▶ _Saved data entries_
•••••

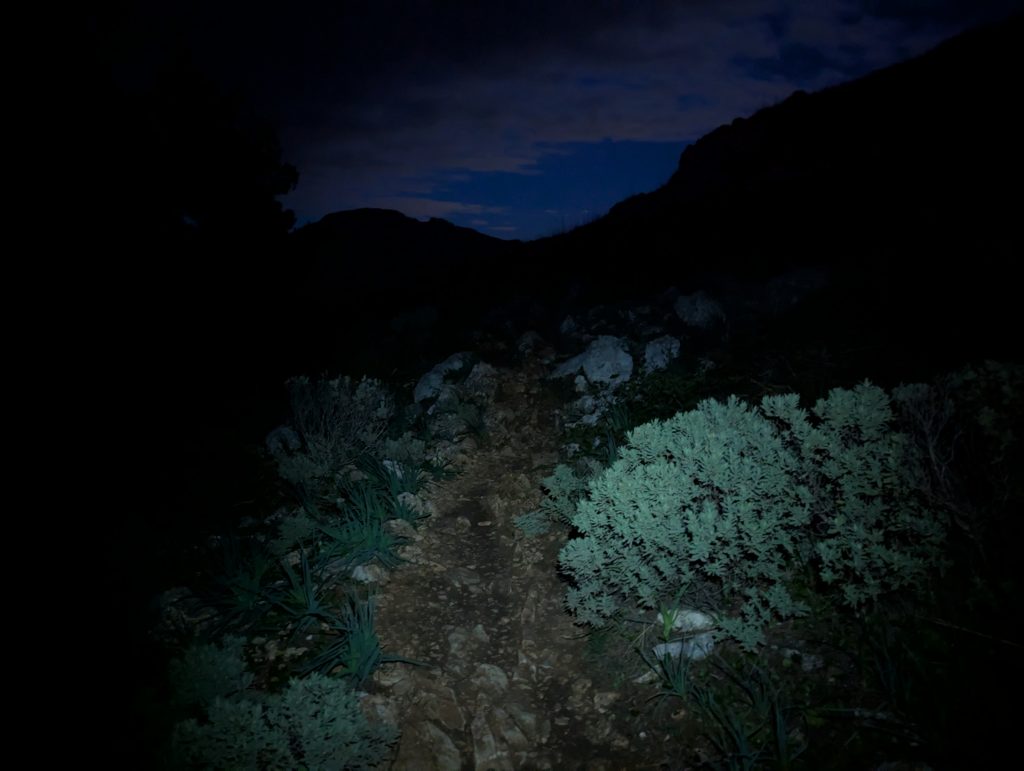 Bald komme ich am höchsten Punkt an. Auch wenn es hier einige schöne Zeltplätze gäbe, muss ich leider weiter. Es ziehen dunkle Wolken auf und wenn ich es richtig in Erinnerung habe, soll es heute Nacht gewittern. Dabei möchte ich natürlich nicht auf dem höchsten Punkt ohne Schutz ausgesetzt sein und somit geht es wieder an den sanften Abstieg. Schon bald ist es so dunkel, dass ich meine Stirnlampe auspacken muss, um den Weg gut sehen zu können. Fortan laufe ich durch die Dunkelheit.
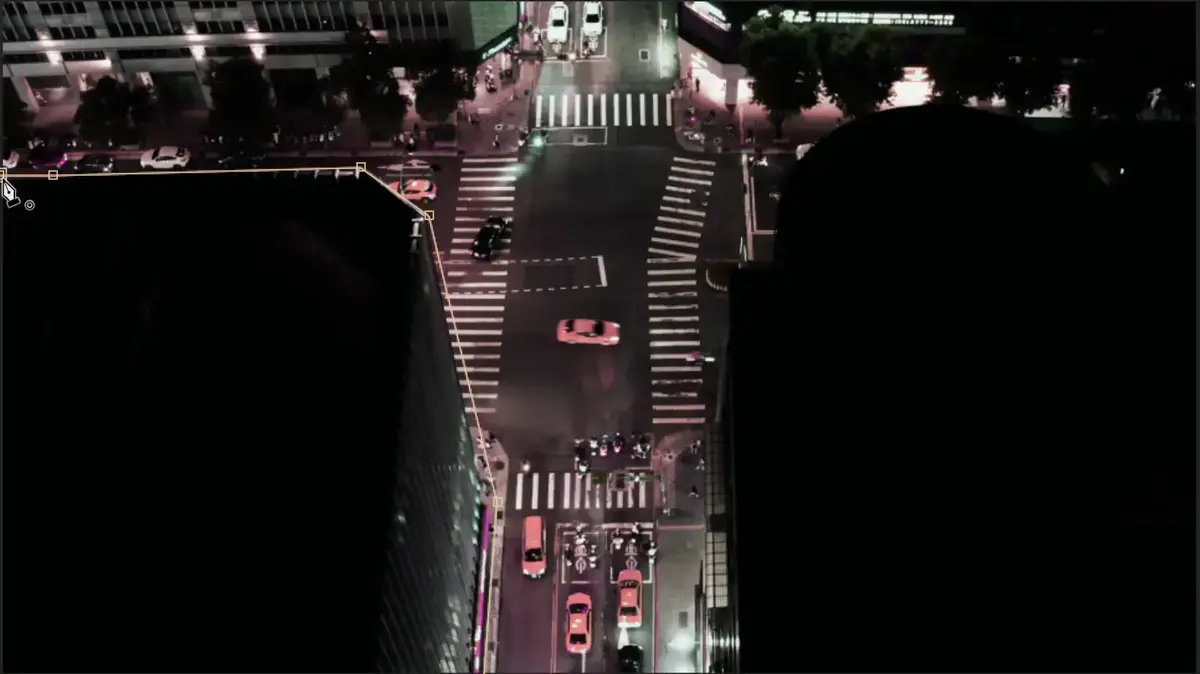 左下の建物を囲うようにマスクをかけていきます
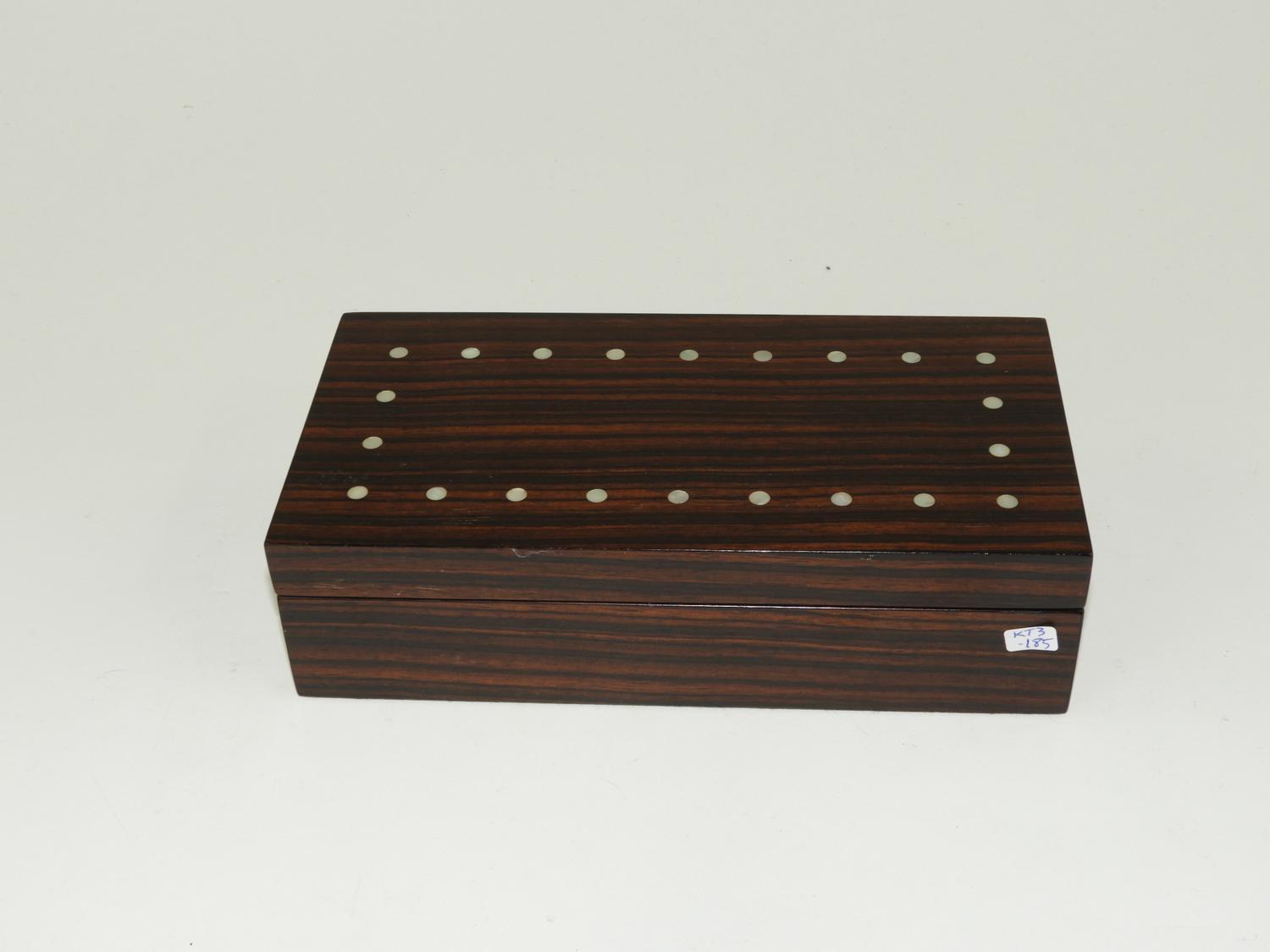 fine quality ebony mop inlaid dresser box, 10" x 5"
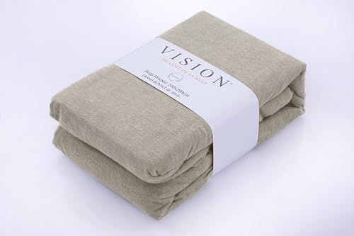 VISION Vision - Lenzuolo con angoli in flanella, 180 x 200 cm, colore: beige - 100% cotone flanella - morbido e caldo - berretto da 30 cm
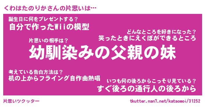| 胡散臭い通販商品みたいなあだ名 | 『必ず成功する水晶球…その名も「くわはたのりか」』 |
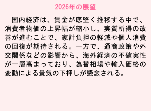日本経済は、物価高の影響で実質所得が伸び悩むものの、雇用・所得環境の改善が続き、緩やかな回復基調となった。トランプ関税などの下押し要因により、輸出産業を中心に弱い動きも見られたが、大阪・関西万博の開催により国内外からの来訪者が増加し、観光産業は活況を呈した。
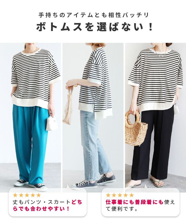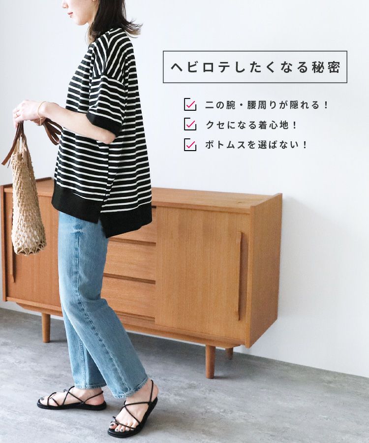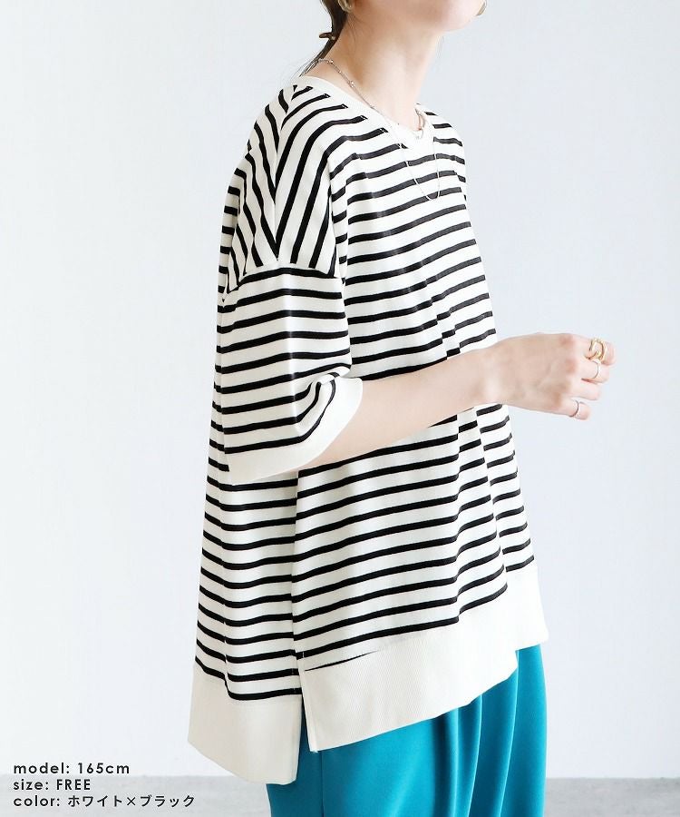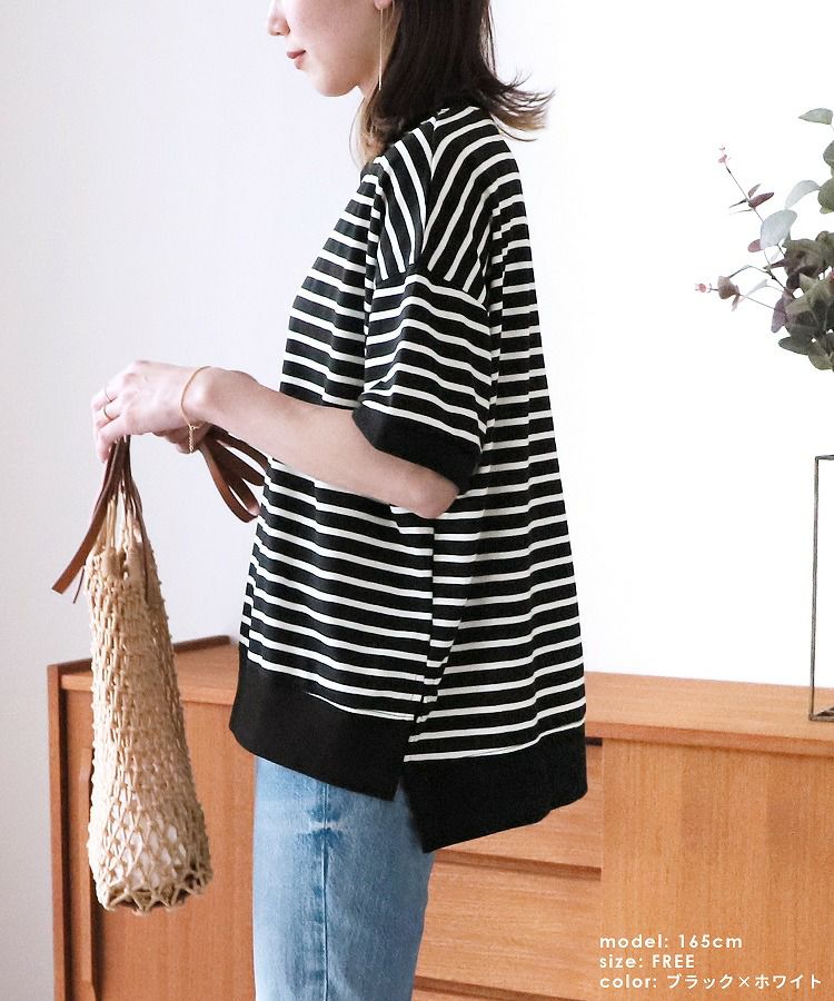 サイドスリットボーダーTシャツ(R22160-v) ネコポス発送10
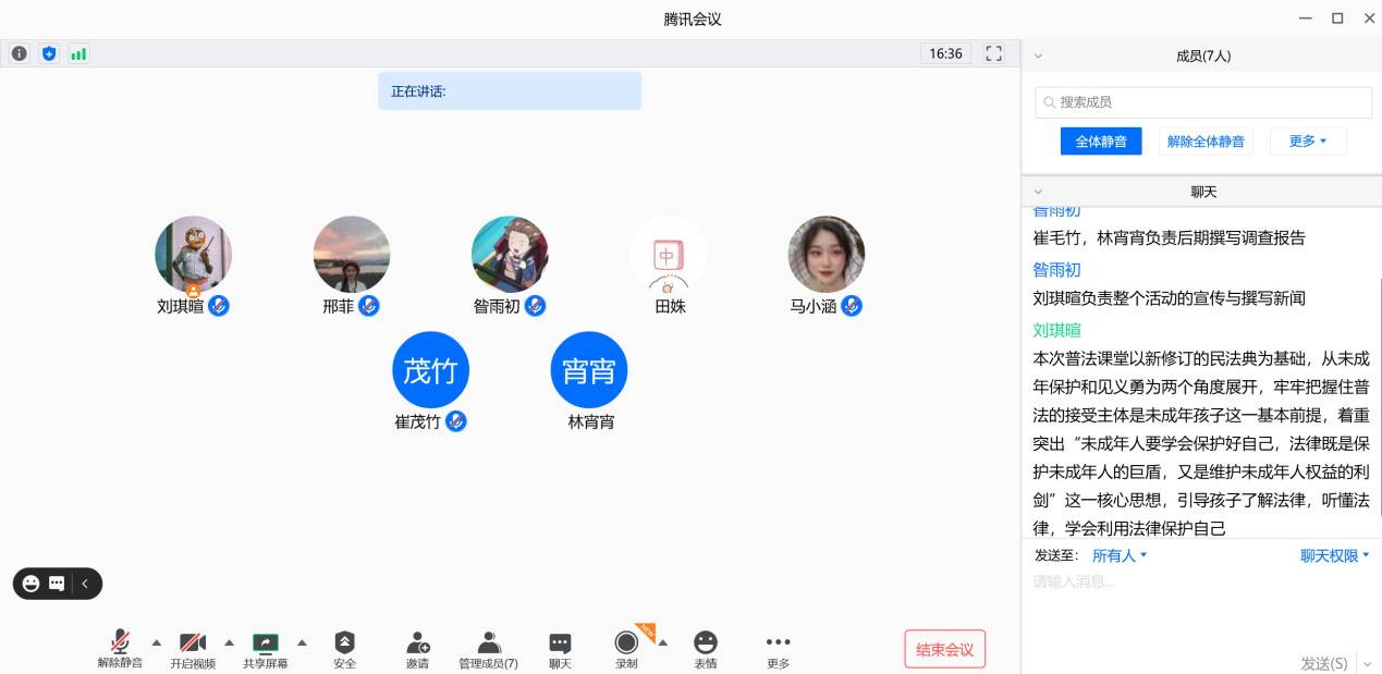 8月26日上午8时,人文学院“云”上民法典普法宣讲团成员在腾讯会议线上集合,开展““云端”走进民法典,探索普法新模式”暑期社会实践活动,并进行搜集民法典资料、录制线上普法的视频以及制作普法课件等等正式普法宣讲前的准备工作,普法宣讲团的全体七名成员线上参与实践活动。
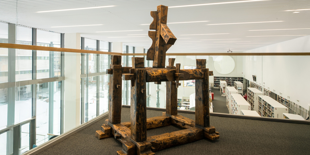 Jarkko Rothin musta dioriittiveistos sijaitsee Kaarina-talon lehtilukusalissa, vasten punaisen sisääntulokuution seinää.
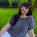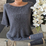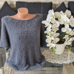 Модель футболки — лаконічна та водночас вишукана. Це класичний реглан зверху, що в’яжеться єдиним полотном без швів. Прямий силует забезпечує універсальність та комфорт у носінні, підходить до різних типів фігури й легко комбінується з іншими елементами гардеробу. Футболка виконана виключно лицьовою гладдю — жодних візерунків, лише чисте, рівне полотно, яке підкреслює фактурну гру ниток та м’яке мерехтіння пайєток.
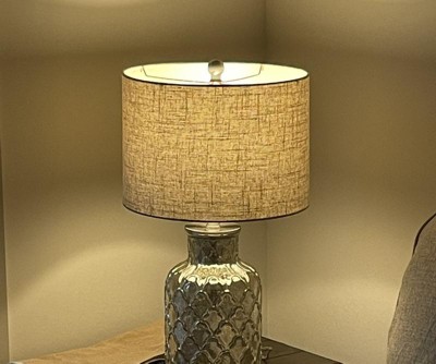 Featuring an antiqued silver finish applied within the lamp's body, this transitional table lamp boasts modern elegance to complement any contemporary decor. The linen drum shade is smooth and stylish, complementing the textured quatrefoil trellis pattern on the body. Finished in a silk-wrapped cord and chrome finial, it would be lovely on a bedside table or in a living room.
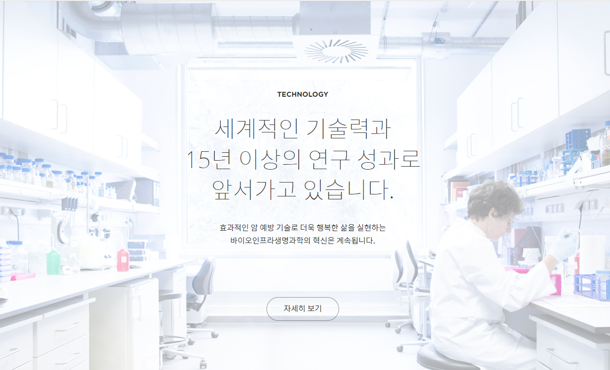 2001년 ㈜바이오인프라생명과학을 설립한 이후 바이오-의료 분야의 핵심 기술인 바이오마커 발굴과 바이오인포매틱스 기술의 융합을 독창적으로 시도하여 세계적 수준의 암 사전검사 기술을 보유하게 되었습니다. 또한 기존 암환자를 대상으로 혈액에서 전이 및 재발 여부를 체계적으로 모니터링하는 기술과 암 유전자 치료제 기술도 개발 중에 있어 다가오는 초고령화 시대에 증가하고 있는 질환인 암 퇴치에 일익을 담당하고 인류의 건강증진에 이바지하고자 최선을 다하고 있습니다.
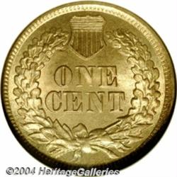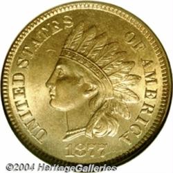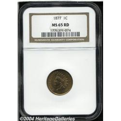 <B>1877<1C> MS65 Red NGC.</B></I> A shortage of copper resulted in the mint's limited production of Indian Cents in 1877. A paltry total of 852,500 pieces were struck, and, while the final-year 1909-S has a lower mintage (309,000 pieces), the '77 is the undisputed key to this widely collected series. It seems likely that while the 1909-S survived in sufficient numbers (thanks to heightened public awareness of numismatics in the early 20th century), most examples of the 1877 production entered economic channels. Not so with the present Gem, whose surfaces are smooth with virtually no blemishes to report. Both sides are aglow with rich orange-red luster, and the strike is bold in most areas. A little softness of detail is noted on the obverse at the tips of the feathers in Liberty's headdress. For future identification, a small mark resembling a lintmark is visible in the left obverse field under the A of STATES. <BR><I>From The Sarasota Collection.</B></I> <BR><BR><B>Important notice:</B> Heritage usually auctions material at the rate of 200-250 lots per hour. On some occasions eBay Live bid software or the Internet may not be able to keep up with the pace of the auction. We recommend placing a realistic absentee bid now as insurance to avoid disappointment. Occasionally the auctioneer may eliminate or reject an eBay Live bid, and the auctioneer may also reopen a lot after the close of the eBay live bidding (usually because we missed an audience bid), and may reject your bid even if it shows you as the winning bidder. By bidding via eBay Live, you agree that Heritage may award the lot to another bidder at its sole discretion under the circumstances described above or any other reasonable circumstances. Since eBay bids are not shown to us until we open the lot on the floor, we treat those bids just like floor bids. In most cases the floor responds before the eBay bid is presented to us, due to Internet lag time, so for consistency we have made it a policy that floor bids are always considered first over tie eBay live bids. Also please note that all Heritage lots purchased through eBay Live carry a 20% Buyer's Premium. Please make sure you read the Terms and Conditions before you bid. </span></font></tr></table></td></tr></table>
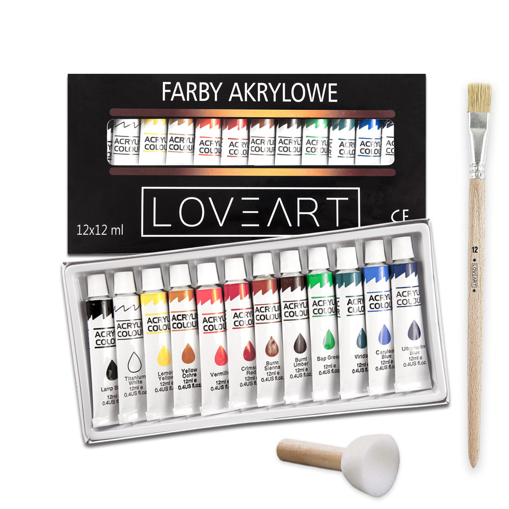 - Farby akrylowe Loveart 12 × 12 ml – zestaw kolorów do różnorodnych efektów dekoracyjnych
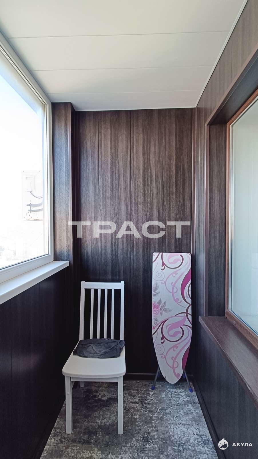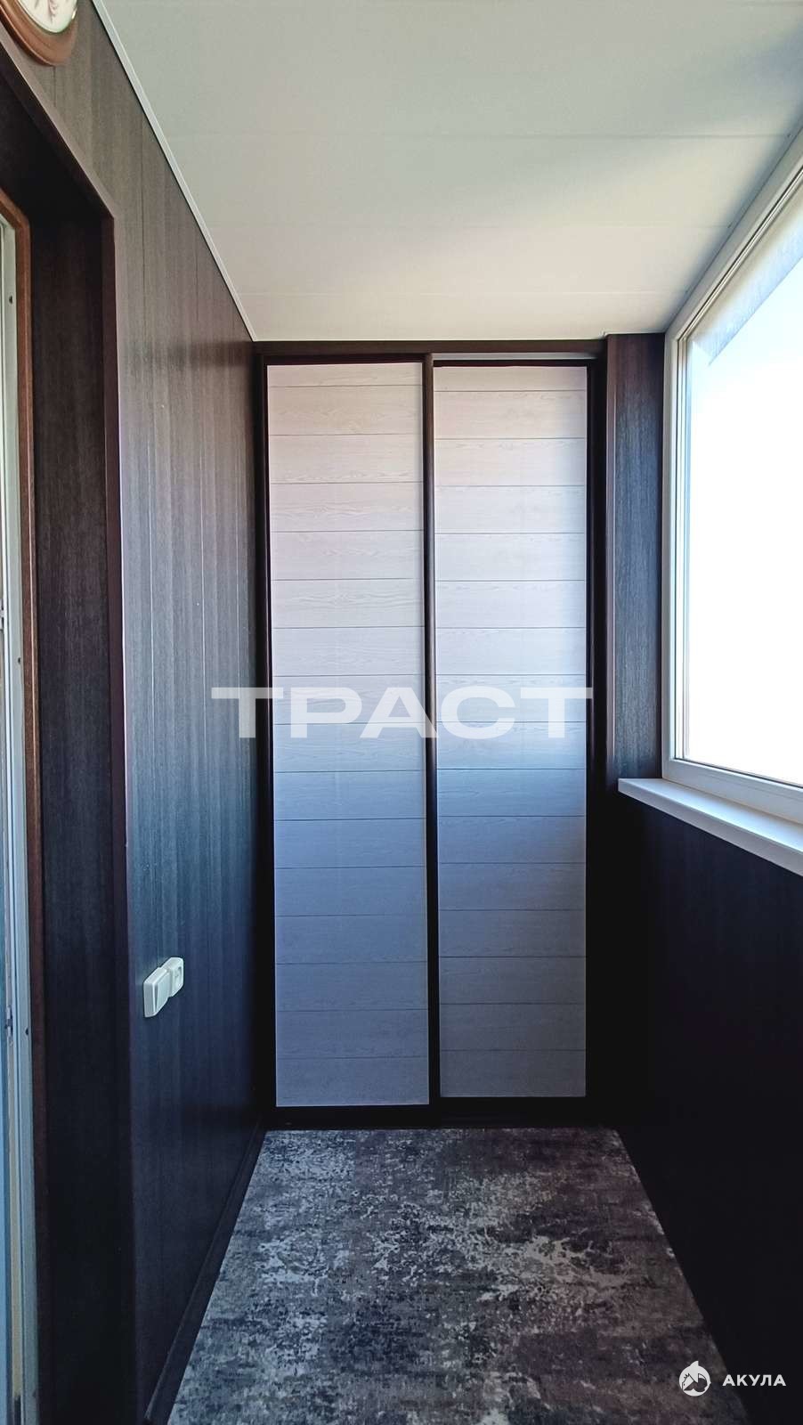 Лоджия с качественной отделкой и встроенным шкафом для хранения.

•••••

Starting at the line containing "サイドスリットボーダーTシャツ(R22160-v) ネコポス発送10" and stopping at the line containing "Jarkko Rothin musta", output each line exactly as it appears above. Leave out the pictures.

▶ _ANSWER_
 サイドスリットボーダーTシャツ(R22160-v) ネコポス発送10
 8月26日上午8时,人文学院“云”上民法典普法宣讲团成员在腾讯会议线上集合,开展““云端”走进民法典,探索普法新模式”暑期社会实践活动,并进行搜集民法典资料、录制线上普法的视频以及制作普法课件等等正式普法宣讲前的准备工作,普法宣讲团的全体七名成员线上参与实践活动。
 Jarkko Rothin musta dioriittiveistos sijaitsee Kaarina-talon lehtilukusalissa, vasten punaisen sisääntulokuution seinää.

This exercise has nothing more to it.